Skeletal samples were fixed and stored in 70% EtOH, and then scanned with a micro-CT scanner (Skyscan-1076, Skyscan/Bruker, Kontich, Belgium) at 50 kV, 150 µA, 1° of rotation step, 0.5 mm Al filter and 35 µm/pixel of scan resolution. All three-dimensional analyses and images were reconstructed by Skyscan software conducted by the Taiwan Mouse Clinic, National Phenotyping and Drug Testing Center (Academia Sinica, Taipei, Taiwan).
All statistical data were analyzed using the paired Student's t-test for statistical comparisons. Data were expressed as mean ± SEM. The two-tailed unpaired Student's t-test was used to determine statistical significance. P-values of <0.05 were considered statistically significant.
This work was supported by a grant from the National Health Research Institutes (grant number NHRI-EX103-10240BI), a grant from the Ministry of Education ‘Aim for the Top University Plan’ and grants from the Ministry of Science and Technology to C.-M.C. (grant numbers NSC 102-2325-B-010-015 and MOST 103-2325-B-010-002) and to the Taiwan Mouse Clinic (grant numbers NSC 102-2325-B-001-042 and MOST 103-2325-B-001-015).
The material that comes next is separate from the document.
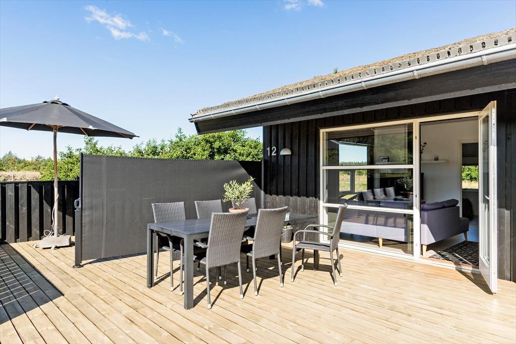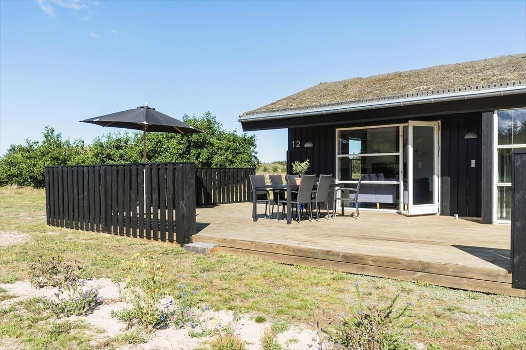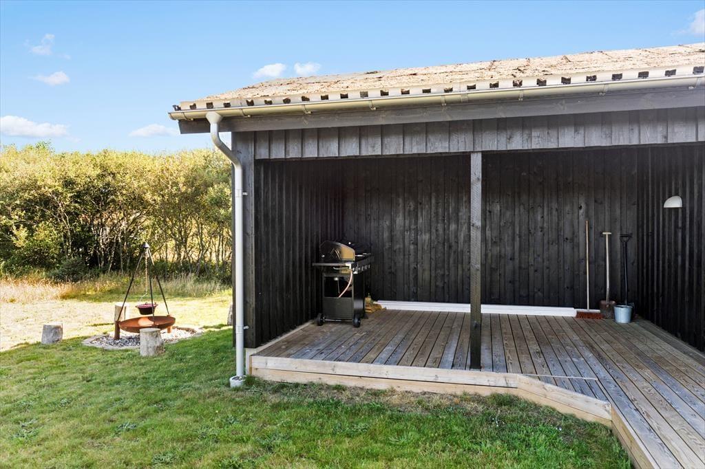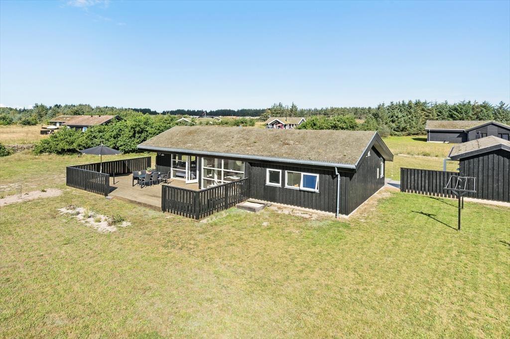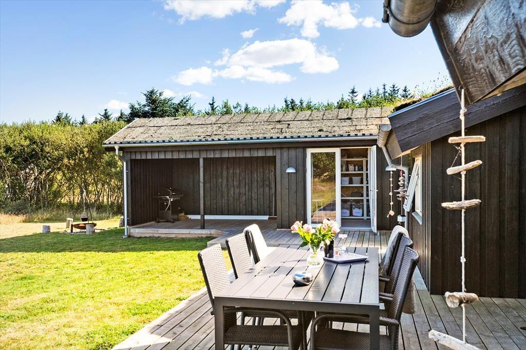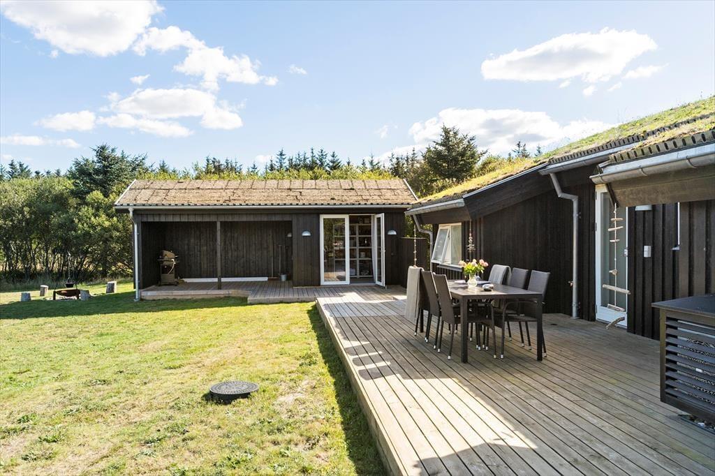 Huset er beliggende på dejlig åben naturgrund hvor der er masser af plads og højt til himlen. Der er dejlige træterrasser på de tre af husets sider. Så man kan sidde om morgenen med en kop kaffe, eller nyde de lange lune sommeraftener med et glas vin og grillmad. Havemøbler, grill, parasol og liggestole er naturligvis til rådighed. På den store plæne er der rig mulighed for leg og boldspil. Her kan børn og barnlige sjæle boltre sig.

We thank Drs Richard R. Behringer and Ming-Ji Fann for comments on this manuscript. We also thank technical support from the Taiwan Mouse Clinic and Transgenic Mouse Models Core Facility of National Core Facility Program for Biotechnology supported by the Ministry of Science and Technology. We also thank Wann-Chun Yu for technical help to generate the Ovca1fx targeting vector.
Conflict of Interest statement. None declared.